ChatGPT, Midjourney, DALL-E, Copy AI… 2023 will be marked in our memories as the year in which generative AIs, i.e., those capable of creating content and responding to people’s requests, have captured the attention of the world’s public opinion.

However, the history of Artificial Intelligence can be traced back to Alan Turing, with decades of research and development of Machine Learning, neural networks, Deep Learning, and natural language processing tools behind it.

Artificial Intelligence is already present in multiple devices and technologies that companies and citizens use daily to automate tasks or optimize decision-making. In this sense, Artificial Intelligence has become a great ally of cybersecurity professionals and companies in strengthening their defensive capabilities and improving their resilience against cyberattacks.

Without going any further, thanks to Machine Learning tools, it has been possible to automate the detection of threats or the implementation of response mechanisms to attacks. As well as optimizing security assessments and the prioritization of vulnerabilities, predicting attack patterns of hostile actors, extracting high value-added information from data to identify vulnerabilities before criminals do, or improving forensic analysis to remedy detected problems.

1.1. And AI cybersecurity

With the growing relevance of AI systems and their potential for businesses and citizens, AI security risks have become a significant issue in terms of cybersecurity.

Just as Artificial Intelligence is critical to designing and executing cybersecurity services, these are crucial when it comes to undertaking the protection of AI systems and applications at a time when:

• Cybercriminals are beginning to target AI.
• Risks linked to the supply chain are becoming increasingly high.

2. Data, models, cyber-attacks. AI security risks

If there is one fundamental element when it comes to AI, especially Machine Learning and Deep Learning systems, it is data. These systems work thanks to models that must be trained with data.

If the data are numerous, varied, unbiased, and have not been manipulated, the model can function optimally and perform at a high level. On the other hand, if the data used to train the models has been corrupted, the model will exhibit manipulated behavior that can have severe consequences for companies and users.

On this basis, we should note that, when addressing AI security risks, we must differentiate between:

• Threats targeting AI systems. Attacks in which the AI systems are the target: models, data, etc…
• The malicious use of AI tools to launch cyber-attacks against enterprise software, systems, or individuals.

2.1. Risks to AI systems

The project launched by OWASP to assess the leading security and privacy risks facing Artificial Intelligence identifies several dangers and pays particular attention to potential attacks against AI models.

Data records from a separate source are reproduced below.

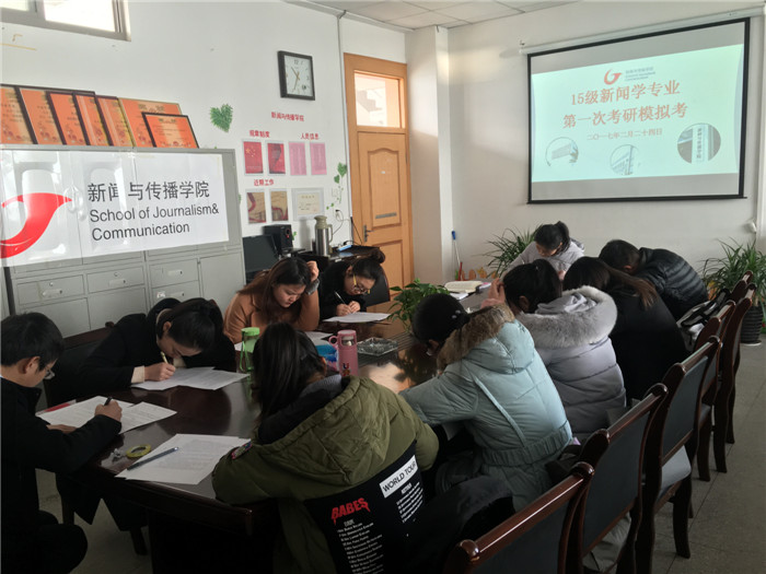 2月24日上午,2015级新闻学专业部分同学在院学生会办公室进行了首场考研模拟测试,辅导员张虹参加了此次模拟考试,并监考。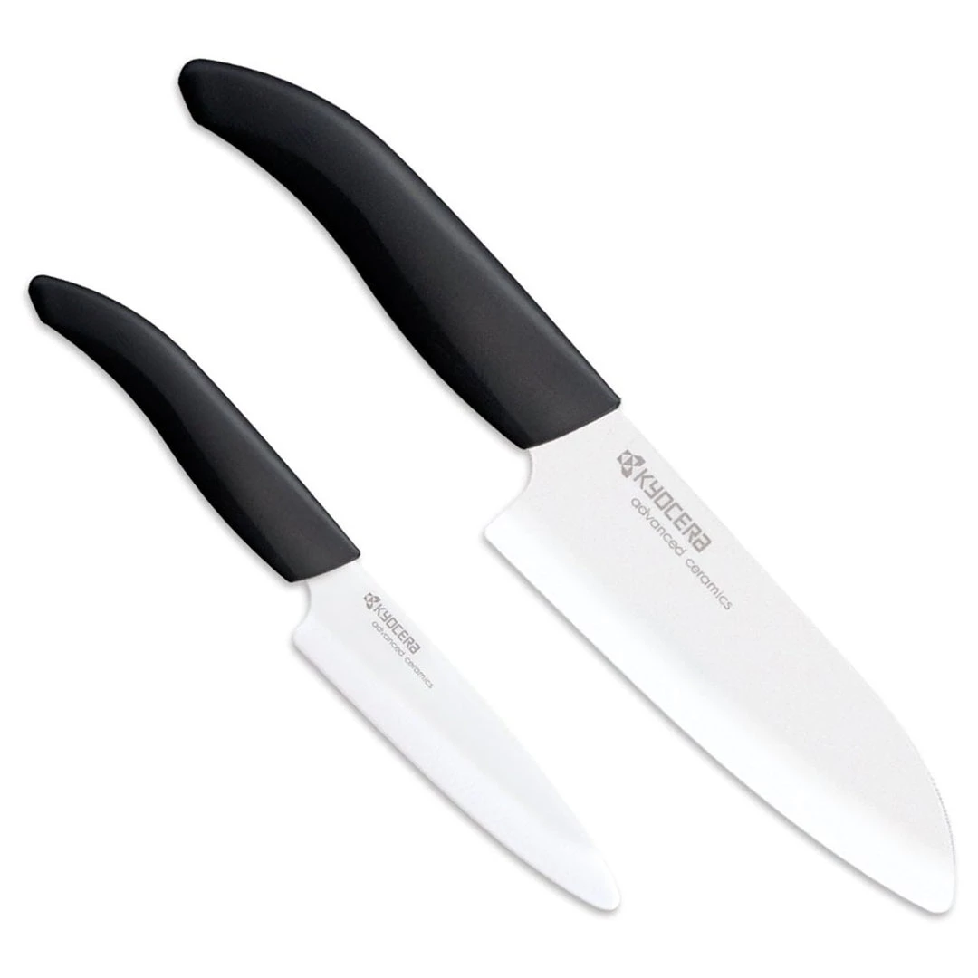 This practical and beautiful set features two of our bestselling ceramic knives: A 5.5” Santoku and a 3” paring knife. Perfect for the home cook, these knives will be used daily, quickly becoming favorites in the kitchen. Ideal for fruits, vegetables and boneless meats. Use the Santoku knife for slicing, dicing, mincing, julienning and the paring knife for cutting, trimming, seeding and peeling small fruits and vegetables. Packaged in an acetate box. The perfect gift.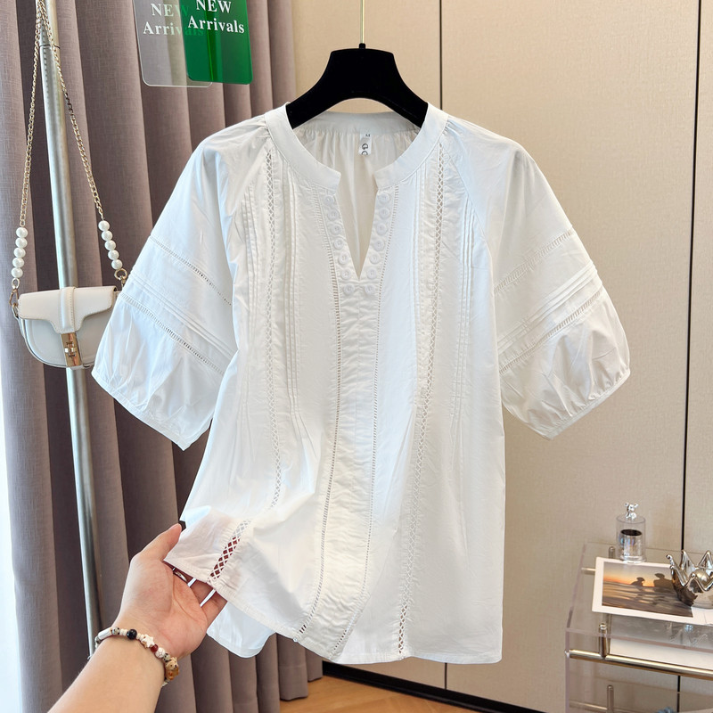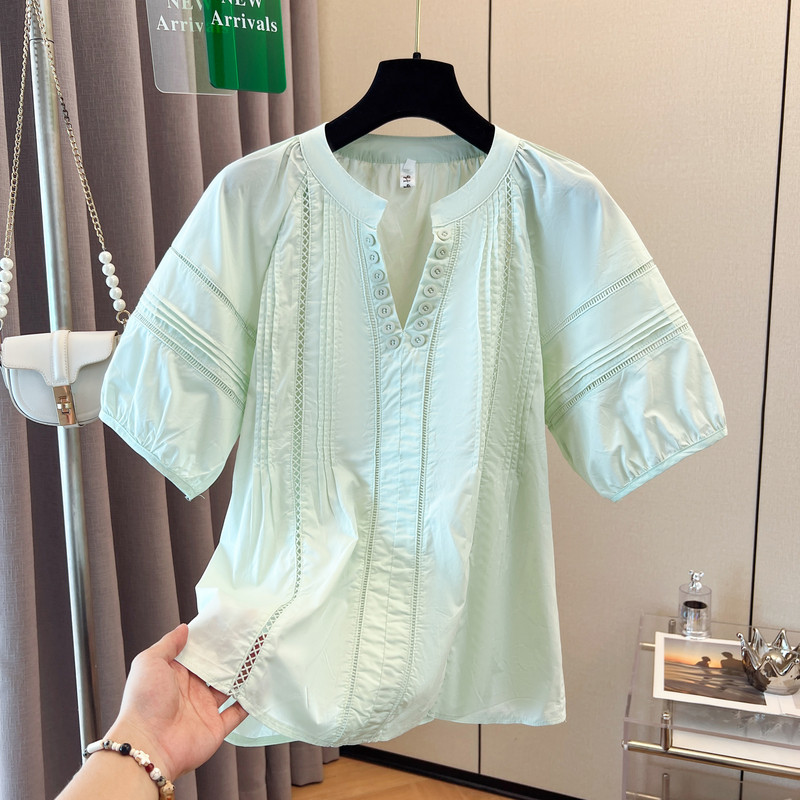 Розовая летняя рубашка, V-образный вырез, большой размер, изысканный стиль
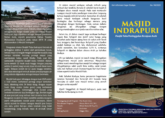Roma Uli Tua, Miftah (2023) Leaflet Masjid Indrapuri; Masjid Tuha Peninggalan Kerajaan Aceh (Seri Informasi Cagar Budaya) No.04/2023. Balai Pelestarian Kebudayaan Wilayah I, Aceh.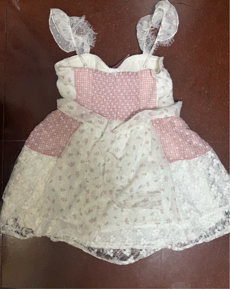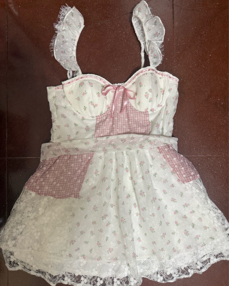A charming sundress with a feminine mix of floral and gingham prints. Perfect for a garden party or summer picnic.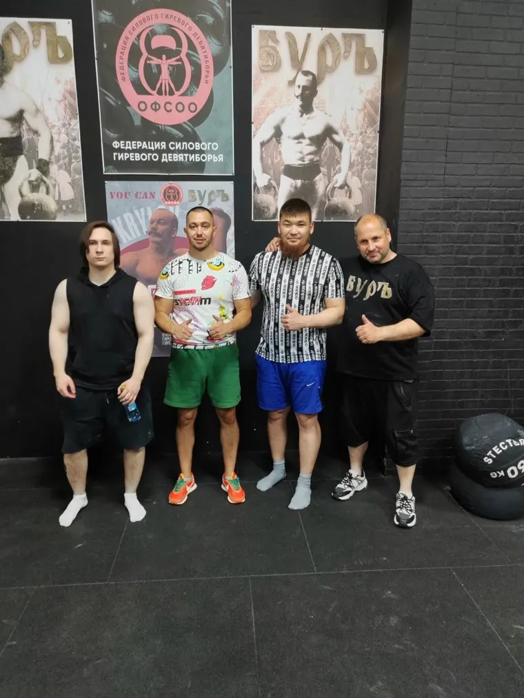Курганец Азамат Бектасов (на фото — второй справа) в силовом девятиборье поднял в сумме гири массой более 900 кг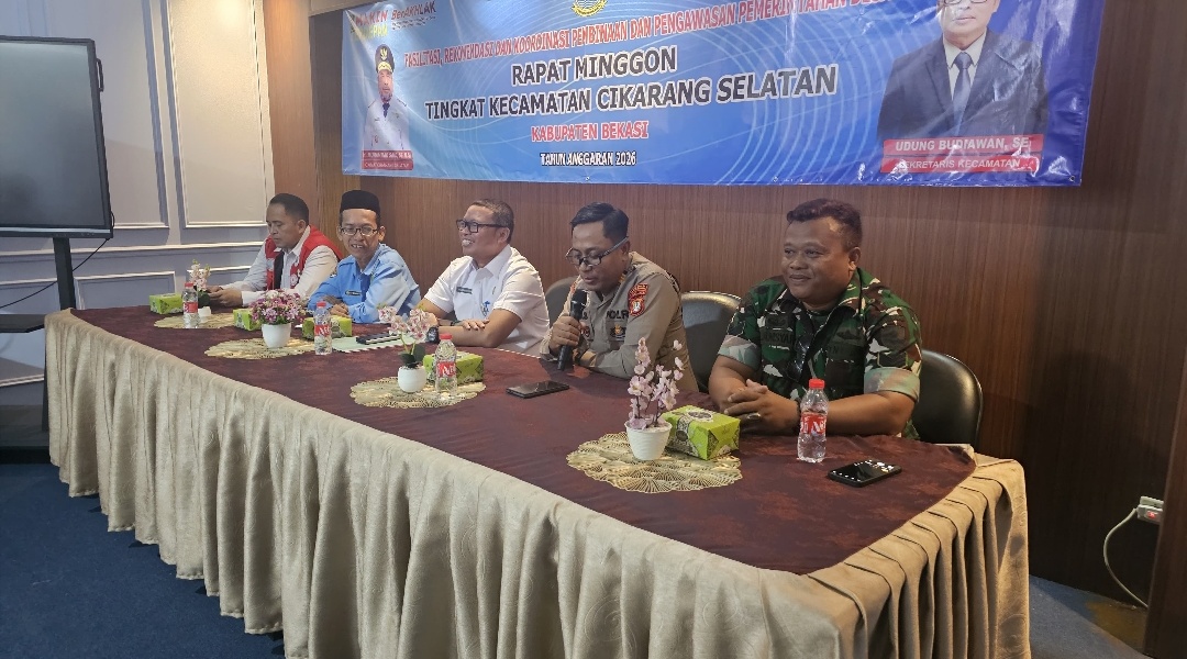 Kabupaten Bekasi – Rapat Minggon tingkat Kecamatan Cikarang Selatan kembali digelar sebagai forum koordinasi rutin lintas instansi, Rabu (22/4/2026). Kegiatan berlangsung di ruang rapat lantai 3 Kantor Kecamatan Cikarang Selatan dan dihadiri unsur pemerintahan, TNI-Polri, tenaga kesehatan, serta elemen masyarakat.

2.1.1. Data security risks

The AI pipeline should be considered a new attack surface since it lies beyond the traditional realm of software development. Why? It incorporates data science.

Both data engineering and model engineering are essential to developing AI systems. Both disciplines require robust security controls to prevent data leakage or poisoning, intellectual property theft, or supply chain attacks.

On the other hand, the risk is associated with data use during AI development. To train and test a model, data scientists need to work with accurate data, which could become sensitive. Hence, a rigorous access control mechanism must be implemented in which data scientists can only access the information they need to do their work.

2.1.2. Attacks against AI models

As noted above, attacks against an AI model are vital to addressing AI cybersecurity. These high-risk attacks can be prevented:

• Protecting the AI development process.
• Hiding the model parameters.
• Limiting access to the model.
• Implementing a monitoring system to detect malicious inputs.
• Considering this kind of attack during the training phase of the model.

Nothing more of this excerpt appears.